These next phrases, he points out, are by-products of a culture that rewards positivity:
“He wouldn’t want you to be sad”
“It’s important to stay busy and productive”
“This will make you stronger”
“You have your whole life ahead of you”
“At least you’re young enough to have another child/remarry”
What to do and say
Here are some of O’Malley’s wonderful ideas of ways to help a grieving friend:
–Simply say, “I’m very sorry.”
–Bring a meal on the two-month anniversary of a death.
–Send an email to say you were thinking about the grieving person or the one they lost.
–When you are with the bereaved person, say the name of the one they lost.
–Do not assume there is a timeline to grief. An email a year after a loss could be more meaningful than one a week later.
–Remember the bereaved on holidays, birthdays, anniversaries or any day that you know has special meaning.
–Offer to visit, but always let the choice be that of the bereaved person. Offer, “I completely understand if the timing is not good.”
–Be curious about the grieving person’s relationship to the one they lost.
–Bring up your own memories.
–Offer to listen to a grieving person’s story. A bereaved person might be looking for a safe set of ears, a place for the story to land.
–Above all, make sure he/she knows that the one they lost has not been forgotten.
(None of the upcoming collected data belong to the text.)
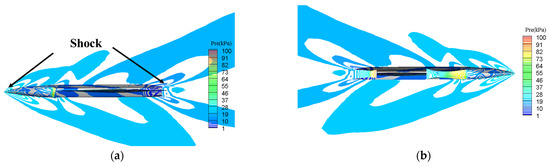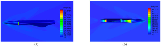 Figure 12 shows the pressure of the aircraft during supersonic flight. On the surface of the aircraft, the pressure at the nose and leading edge of the wing is high. Inside the fuselage, the pressure at the entrance of the air intake and the nozzle is high. The inlet of the air intake is greatly impacted by the pulsation of the airflow, and its characteristics need to be analysed later. The shock waves at the nose and tail can be seen in Figure 13: attachment shock wave at the nose and expansion wave at the tail.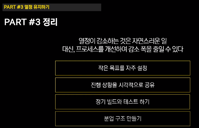 -열정 감소를 늦추려면 개발과정에서 성취감을 얻는 게 중요함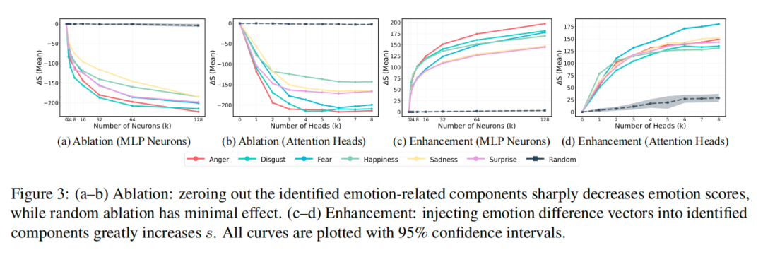 1、消融实验:把这些核心的神经元/注意力头关掉,AI的情绪表达能力会骤降,而且只需要关2-4个神经元、1-2个注意力头,效果就会大幅下降。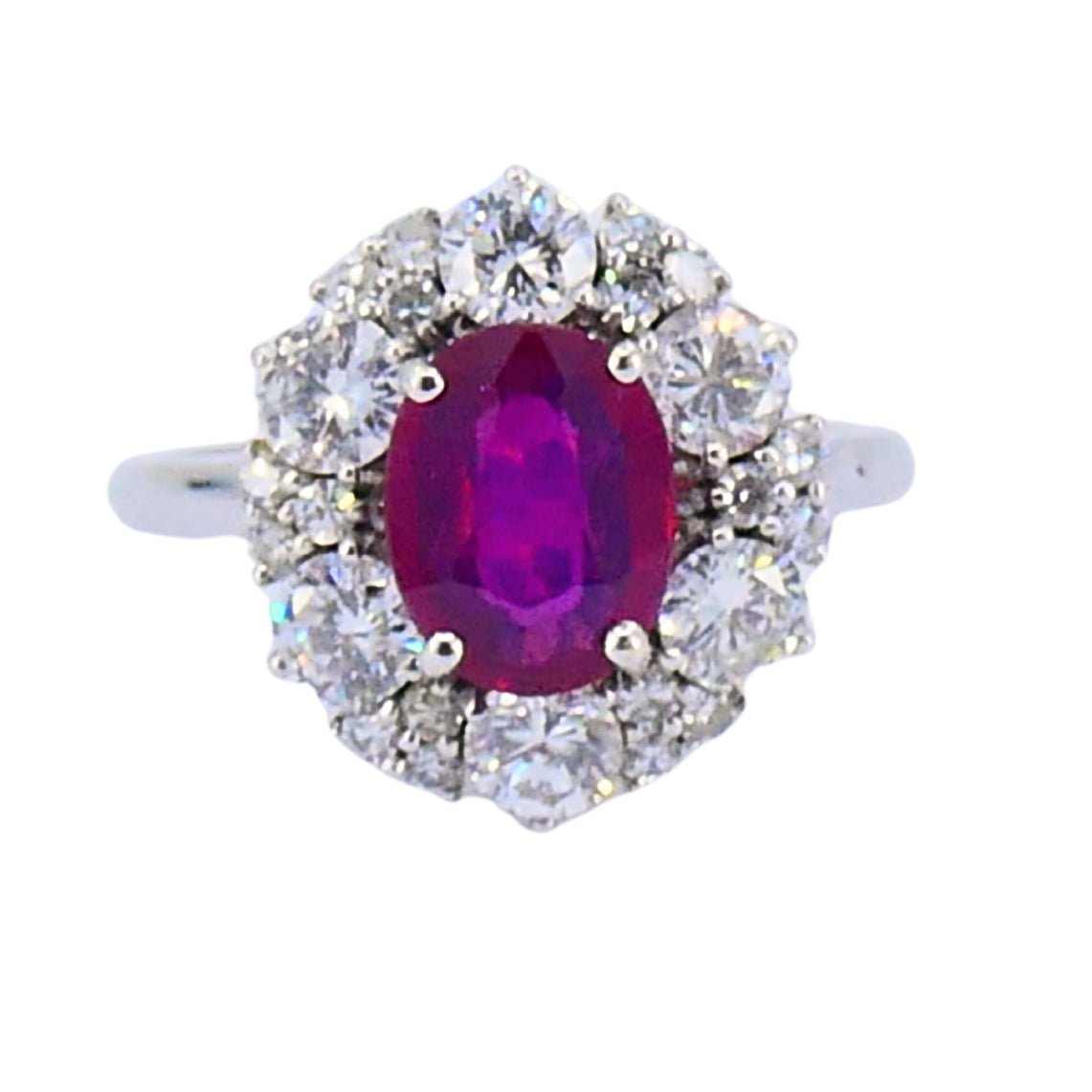 This vintage 18k white gold cluster ring showcases a vivid 1.75-carat natural ruby of Burma origin. The oval-cut ruby is framed by a halo of bright, round-cut diamonds. With its balanced proportions and classic halo arrangement, this vintage ruby and diamond ring is a refined statement piece. It’s a great choice for someone who wants an engagement ring that stands apart from the traditional diamond.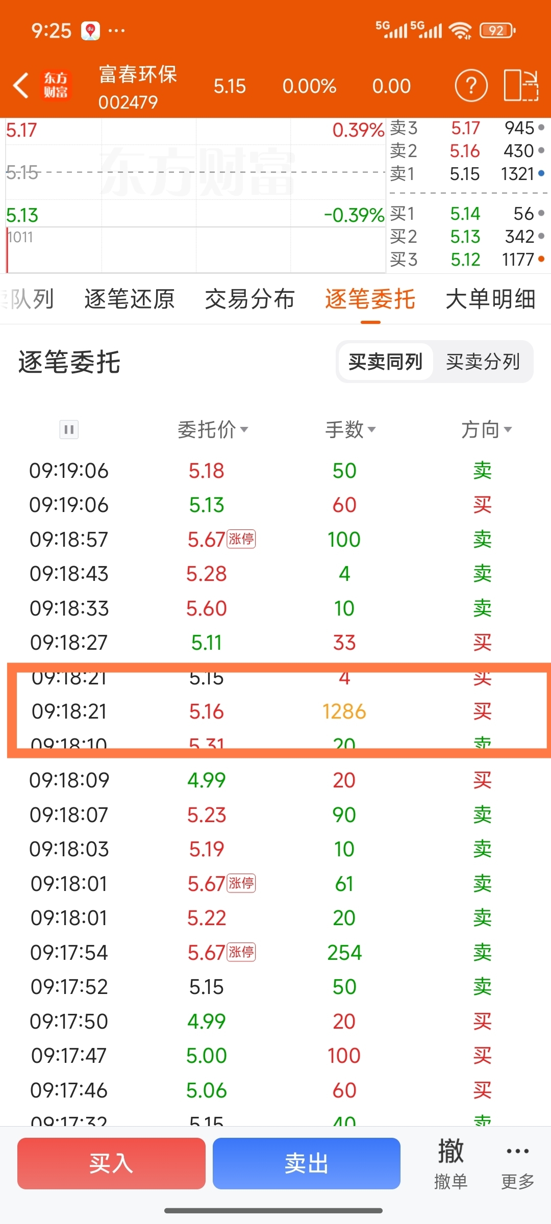 $富春环保(SZ002479)$ 这个小散每天竞价打高买入,但每次不到一分钟又撤,意欲何为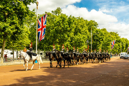 LONDON, UNITED KINGDOM - JUNE 14, 2016: Royal Guards parade at the Admiralty House in London, England, United Kingdom on June 14, 2016
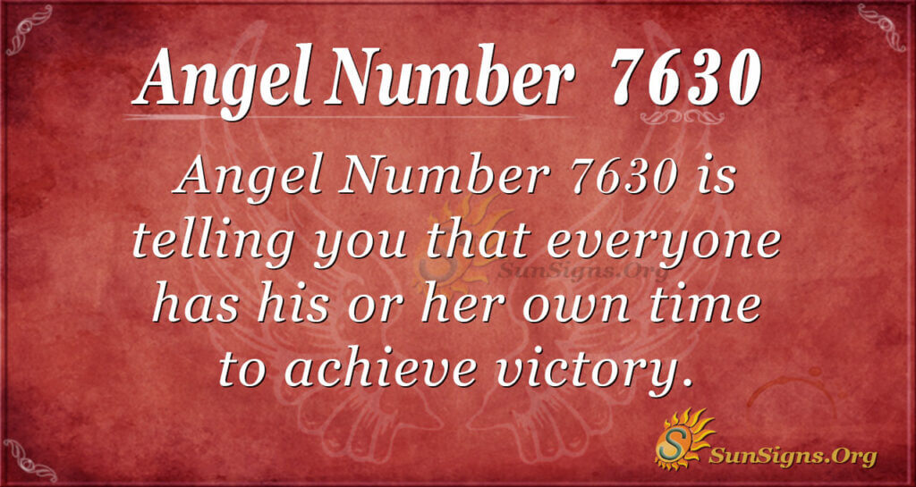 Angel Number 7630 Twin Flame is telling you that everyone has his or her own time to achieve victory. Do not look down upon yourself because others are developing more than you. The universe knows what is best for you. Exercise patience as you wait for your time to achieve success.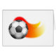 Ilustração colorida de uma bola de futebol voando pelo ar com uma trilha de calor ou chamas que são deixadas no seu acordar. Imagem disponível em vários presentes e produtos.

In the memoir Lament for a Son, a professor writes about the loss of his 25-year-old son, who died in a mountain climbing accident, which gave a true description of grief: “Rather often I am asked whether the grief remains as intense as when I wrote. The answer is, No. The wound is no longer raw. But it has not disappeared. That is as it should be. If he was worth loving, he is worth grieving over. Grief is existential testimony to the world of the one loved. That worth abides. So I own my grief. I do not try to put it behind me, to get over it, to forget it…Every lament is a love song.”
Also, from Anne Lamott: “Death; wow. So f-ing hard to bear, when the few people you cannot live without die. You will never get over these losses, and are not supposed to. We Christians like to think death is a major change of address, but in any case, the person will live fully again in your heart, at some point, and make you smile at the MOST inappropriate times. But their absence will also be a lifelong nightmare of homesickness for you. All truth is a paradox. Grief, friends, time and tears will heal you. Tears will bathe and baptize and hydrate you and the ground on which you walk.”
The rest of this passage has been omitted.